D2.467 - Management of Netherton syndrome and hereditary angioedema with concurrent biologic therapy: a novel case

Background

Netherton syndrome (NS) is a rare autosomal recessive disorder caused by mutations in the serine protease inhibitor Kazal-type 5 (SPINK5) gene, leading to lympho-epithelial Kazal-type-related inhibitor (LEKTI) deficiency, impaired epidermal barrier function, ichthyosis linearis circumflexa, trichorrhexis invaginata and severe atopic manifestations. Hereditary angioedema due to C1 inhibitor deficiency (HAE-C1-INH) is an autosomal dominant bradykinin-mediated disease characterised by recurrent angioedema attacks. The coexistence of NS and HAE-C1-INH has not previously been reported and no evidence exists regarding the concomitant use of dupilumab and lanadelumab in such patients.We describe the clinical course, therapeutic response and safety of dual biologic therapy with dupilumab and lanadelumab in a patient affected by both NS and HAE-C1-INH.

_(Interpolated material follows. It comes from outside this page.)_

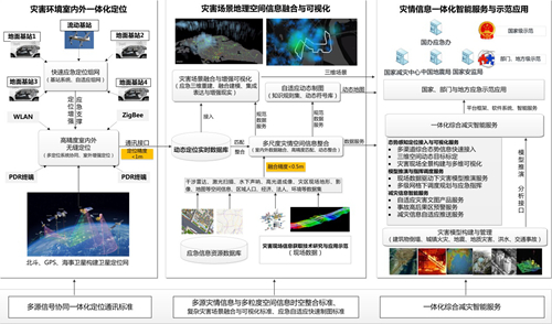 据了解,一体化综合减灾智能服务研究及应用示范项目基于地理信息技术,集成北斗网、通信网、互联网和传感网等多种信息载体,构建复杂灾害环境下以高精度室内外无缝定位、空间信息精准融合、应急场景一体化模拟、智能信息服务为核心的综合减灾技术体系,自主研制一体化、全流程综合减灾智能服务平台,针对不同灾害建立多层次的综合减灾应用示范系统,引领地理空间信息技术与公共安全技术协同发展方向。

Written informed consent for publication was obtained from the patient.

Case presentation

A 30-year-old woman with genetically confirmed NS and long-standing HAE-C1-INH presented with severe pruritus, xerosis, elevated immunoglobulin E (IgE) levels and widespread eczematous lesions refractory to topical and systemic therapies. Atopic dermatitis severity was assessed using disease activity and quality of life scores. Dupilumab was initiated at standard dosing for atopic dermatitis. Due to persistent abdominal and cutaneous angioedema despite previous prophylaxis with tranexamic acid, stanozolol and plasma-derived C1-INH, lanadelumab was introduced as long-term prophylaxis.

Dupilumab led to progressive improvement in eczema, hyperkeratosis, and hair shaft abnormalities. Disease activity scores decreased at 4 and 13 months; dermoscopy demonstrated longer, smoother and thicker hair with reduced trichorrhexis invaginata. Lanadelumab prophylaxis reduced angioedema attacks by 88.5% compared with the pre-prophylaxis period, allowing a reduction in dosing frequency to monthly administration while maintaining disease control. The patient reported substantial improvement in quality of life. No adverse reactions, safety concerns or interactions between the two biologics were observed during more than 52 weeks of combined therapy.

Conclusion 

This is the first documented case of concomitant NS and HAE-C1-INH successfully managed with dual biologic therapy. Dupilumab improved cutaneous manifestations and hair abnormalities, while lanadelumab markedly reduced angioedema frequency. The combination was safe, well tolerated and associated with significant clinical benefit. As targeted therapies expand, concomitant biologic treatment may represent a valuable therapeutic option for patients with complex rare disease phenotypes requiring simultaneous management of distinct immunologic pathways.